= Yosemite National Park trademarks dispute =

US intellectual property dispute

In 1993, Delaware North became the provider of visitor services at Yosemite National Park under contract with the National Park Service, via the subsidiary DNC Parks and Resorts at Yosemite, Inc.

When the contract was acquired by Aramark in 2015, it was required to purchase the assets of the previous concessionaire—just as Delaware North was required to before. However, Delaware North claimed that the sale did not include its intellectual property, which included trademarks for various place names in the park, and valued them at $51 million. Delaware North sued the United States in the Court of Federal Claims in 2015. The NPS disputed the cost of these intangible assets, as well as Delaware North having registered the marks in the first place. Upon Aramark's transition to concessionaire in March 2016, the trademarked place names were replaced by alternative names.

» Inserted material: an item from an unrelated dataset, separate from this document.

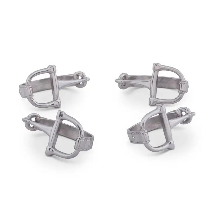 Unequivocally for the Equestrian Set, these Arthur Court Equestrian Napkin Rings are cast in the shape of a D Ring Snaffle Bit. The set of 4 napkin rings will rein in your napkins so they are a study in orderly beauty on your table. Dress your table in equestrian style with Arthur Court's Bit Napkin Ring Set. Hand-crafted and cleverly cast as miniature replicas of a D ring snaffle bit in shiny signature aluminum ally, this set of 4 adds polish to a themed Tablescape. Horse lovers will be delightfully surprised when they take their place at your table. Size: 2"L / 3"W / 2"T Care: Hand-wash in warm, soapy water, dry thoroughly.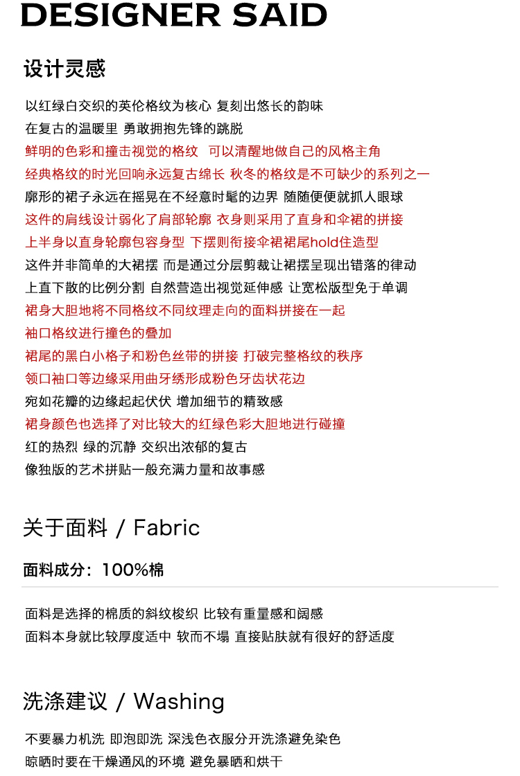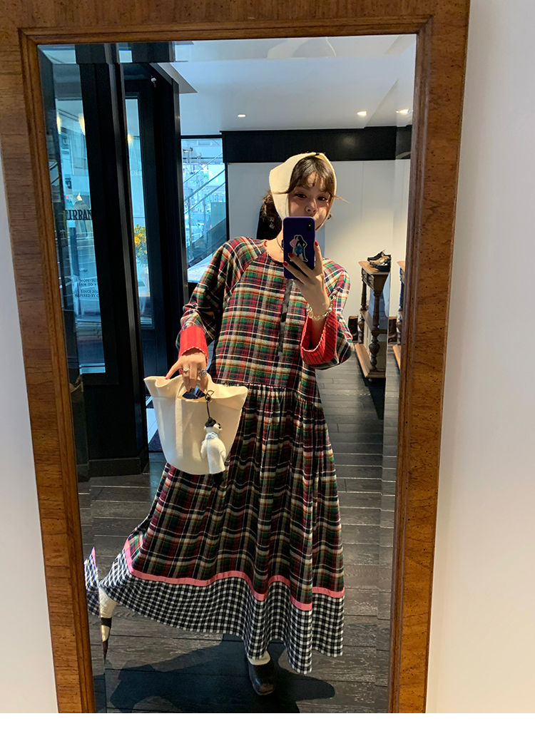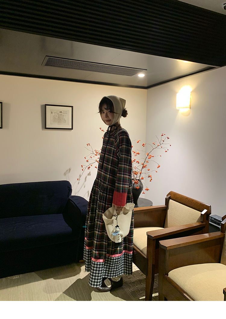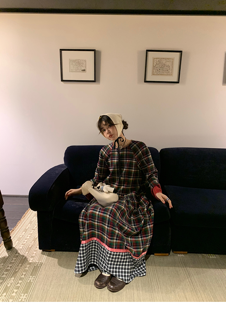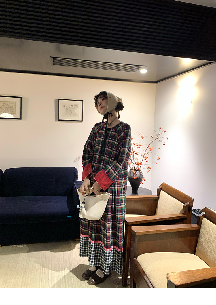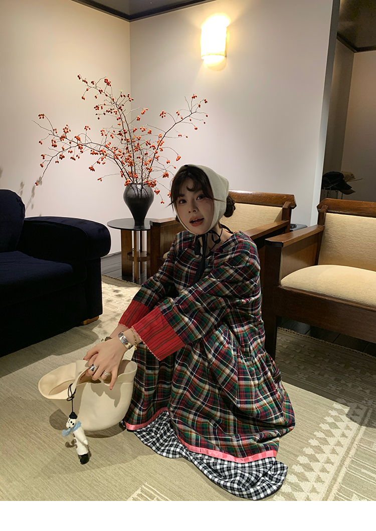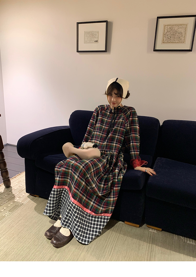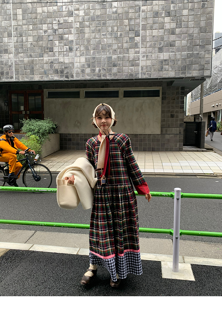 *o-ha-you*【FMNM25Q464】倫敦文藝少女紅綠格拼色曲牙花邊連衣裙長洋裝

In July 2019, Delaware North reached a roughly $12 million settlement, under which the original place names would be restored, and Delaware North agreed to return the trademarks to the NPS upon the conclusion of Aramark's contract.

==Background==
In 2014, the United States National Park Service opened bids on a new concessions contract for Yosemite National Park's properties. When Delaware North assumed the role of concessionary in 1993, it was contractually required to purchase the assets of the previous concessionaire — Yosemite Park & Curry Company — at fair market value, including furniture, equipment, vehicles, and "other property". Its ultimate successor, Aramark subsidiary Yosemite Hospitality, LLC (who was awarded a 15-year contract), would be subject to similar terms. Intellectual property was not explicitly listed in the contract; this includes trademarks that were registered by Delaware North, including place names such as "Yosemite National Park", Ahwahnee, Badger Pass, Curry Village, Yosemite Lodge, and the slogan "Go climb a rock".

In 2015, Delaware North sued the NPS in the United States Court of Claims for breach of contract, claiming that the NPS did not cause the intellectual property to be sold to Aramark, and demanded a payment from Aramark for the property, to be determined in court. Delaware North initially asserted the fair market value of its intangible properties to be $51 million. The National Park Service estimated the value of the intangible assets at $3.5 million, and also suggested that the marks should not have been filed for by Delaware North to begin with.

At the request of Delaware North, the National Park Service had amended the bid notice to explicitly mention intellectual property, again without specifying trademarks. The park service contended that the intellectual property includes assets such as websites and customer databases, but not the trademarks. Delaware North claimed to have offered to temporarily license the trademarks while the dispute is resolved, but that the government did not respond. The Park Service said that accepting the offer could be seen as acknowledging the legitimacy of the trademarks.

==Name changes==
In January 2016, it was announced that due to the legal dispute, properties at Yosemite National Park would be renamed effective March 1, 2016, when Aramark's contract officially began. The Ahwahnee was renamed the Majestic Yosemite Hotel, Camp Curry was renamed Half Dome Village, the Yosemite Lodge became Yosemite Valley Lodge, the Wawona Hotel became Big Tree Lodge, and the Badger Pass Ski Area became the Yosemite Ski & Snowboard Area.

==Resolution==
On July 15, 2019, Delaware North and the Park Service announced that they had settled the lawsuit, and that the original names would be reinstated; the government paid $3.84 million to Delaware North, and Aramark paid $8.16 million. Delaware North agreed to turn over tangible assets that had not yet been transferred to Aramark, and return the Yosemite-related trademarks to the Park Service at no cost following the conclusion of Aramark's concessions contract.